09 October 2016

So Not a Surprise

Even Bayh is running for Senate again.

In February 2010, the day before the deadline for appearing on the primary ballot, he announced that he was not running for reelection, which was a complete surprise and made what would have been a difficult Senate campaign in a difficult year absolutely impossible for the Democrats.

Well, someone has looked his unexpected retirement, and has determined that he was furiously looking for rather significantly lucrative position before he announced, which raises some serious ethical questions.

This is not a surprise, given that his wife's sitting on a lot corporate boards when he was in the Senate:
Evan Bayh spent substantial time during his last year in the Senate searching for a private sector job even as he voted on issues of interest to his future corporate bosses, according to the former Indiana lawmaker's 2010 schedule, obtained exclusively by The Associated Press.

The Democrat had more than four dozen meetings and phone calls with headhunters and future corporate employers over the months, beginning days after announcing his surprise retirement from the Senate on Feb. 15, 2010, through December of that year as his term came to an end. Bayh is now running to get his old seat back and help his party regain Senate control.

Announcing his retirement, Bayh claimed he was fed up with the gridlock and that it was time for him to "contribute to society in another way." His announcement stunned party bosses; Democrats lost his Senate seat in the midterm elections later that year.

Two days after that announcement, on Feb. 17, Bayh was on the phone with a job headhunter, Jim Citrin of the Spencer Stuart firm.

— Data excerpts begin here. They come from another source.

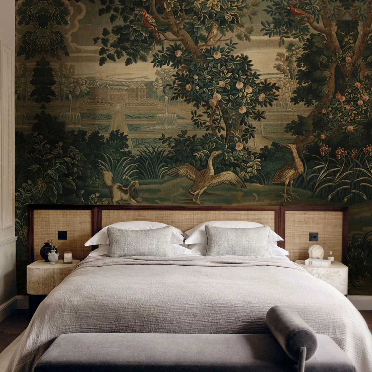 Tapete mit Pflanzen- und Tiermotiv VINTAGE GARDEN ARRAS grün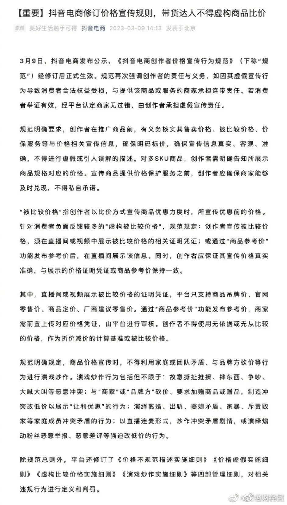 然而類似的套路其實在直播帶貨中屢見不鮮。今日,抖音電商釋出公示,《抖音電商創作者價格宣傳行為規範》經修訂後正式生效。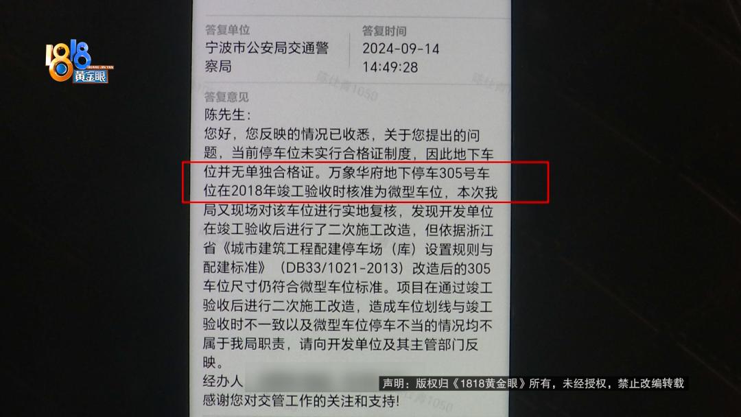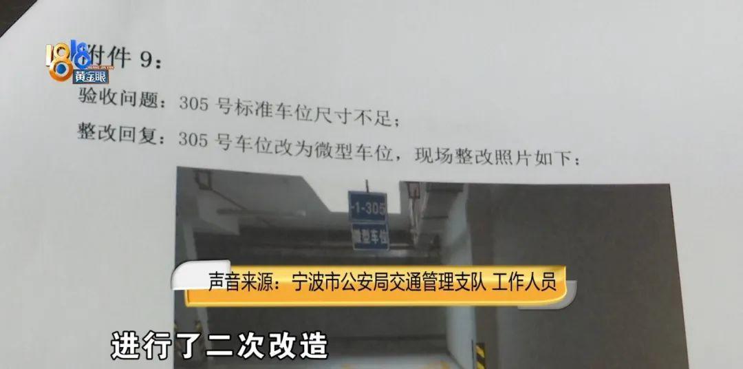 宁波市公安局交通管理支队 工作人员:它的长度和宽度都是比304车位要短的,这个车位当时现场验收的时候,也挂了微型车位这样一个标志的。开发商在通过竣工验收以后进行了二次改造,重新对地坪进行了环氧这些施工,施工以后标线重新划过了,长度就跟304划成一样了,其实这个是有错误的。我们也通知了开发商,让他们一定要恢复到跟竣工验收一样的状态。

What Bayh did may have been perfectly allowable under the Senate's self-policing rules.

"It's outrageous," said Craig Holman, a lobbyist with Public Citizen who helped Democrats write the ethics language intended to eliminate conflicts of interest. "What we were unaware of at the time was how Congress would manipulate the rule so that they really don't abide by it."

In June 2010, Bayh was among a small group of Democrats who helped kill a tax increase on private equity gains known as carried interest that was opposed by Apollo Global Management. That fall he stayed overnight three times at one Apollo executive's Central Park South residence in Manhattan, and met twice with the company's chief executive, Leon Black.

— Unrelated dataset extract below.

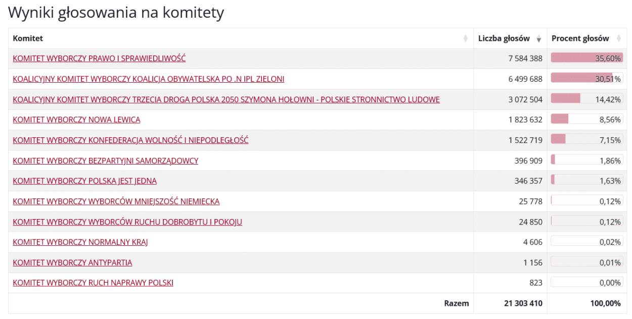 23:53 Do poznania pełnych wyników wyborów brakuje już niewiele. Dane PKW z 31 332 na 31 497 (99,48%) obwodów głosowania: PiS 35,60%, KO 30,51%, Trzecia Droga 14,42%, Konfederacja 7,15%

Weeks after Bayh left the Senate, Apollo announced he had been hired as a senior adviser.

In May 2010, Bayh lunched with a Marathon Oil board member. Then in June, he and a minority of Democrats joined with Republicans to defeat an amendment by Sen. Bernie Sanders, I-Vt., that would have eliminated billions in tax deductions and exemptions for oil and gas companies.

Marathon Petroleum Corp., a new Marathon spinoff, announced Bayh had been elected to its board in July 2011.


The schedule shows many other meetings with top Wall Street and corporate officials throughout the months, even as the Senate debated and voted on major legislation including the Dodd-Frank financial reform bill and an extension of President George W. Bush's tax cuts. Bayh supported extending the Bush tax cuts and also voted for Dodd-Frank, while pushing to soften up some of the more onerous requirements on Wall Street.


Consider Tuesday, Sept. 7, 2010.

The day begins with Bayh in Nantucket, staying at the Massachusetts waterfront mansion belonging to financier David Rubenstein, who once worked for Bayh's father, former Sen. Birch Bayh.

Evan Bayh then flies to New York, his Senate account picking up the tab, and heads to Aron's apartment to drop his bag.

Bayh meets with Rob Shafir, then the chairman of Credit Suisse, before taping an appearance with journalist Katie Couric on the topics "Reasons for your retirement from the Senate, the state of our politics (why are our politics so broken), fixing and reforming the institution of the Senate," according to his schedule.

Bayh goes on to meet with Deutsche Bank chief executive Seth Waugh before having dinner at a steakhouse with Goldman Sachs chief executive Lloyd Blankfein. Bayh returns to Aron's apartment for the night.
This time around, the Democratic Party Establishment got the winner of the primary to drop out in June when Bayh decided to throw his hat into the ring.

Bad move, and they should have learned this when he f%$#ed them for a payday in 2010.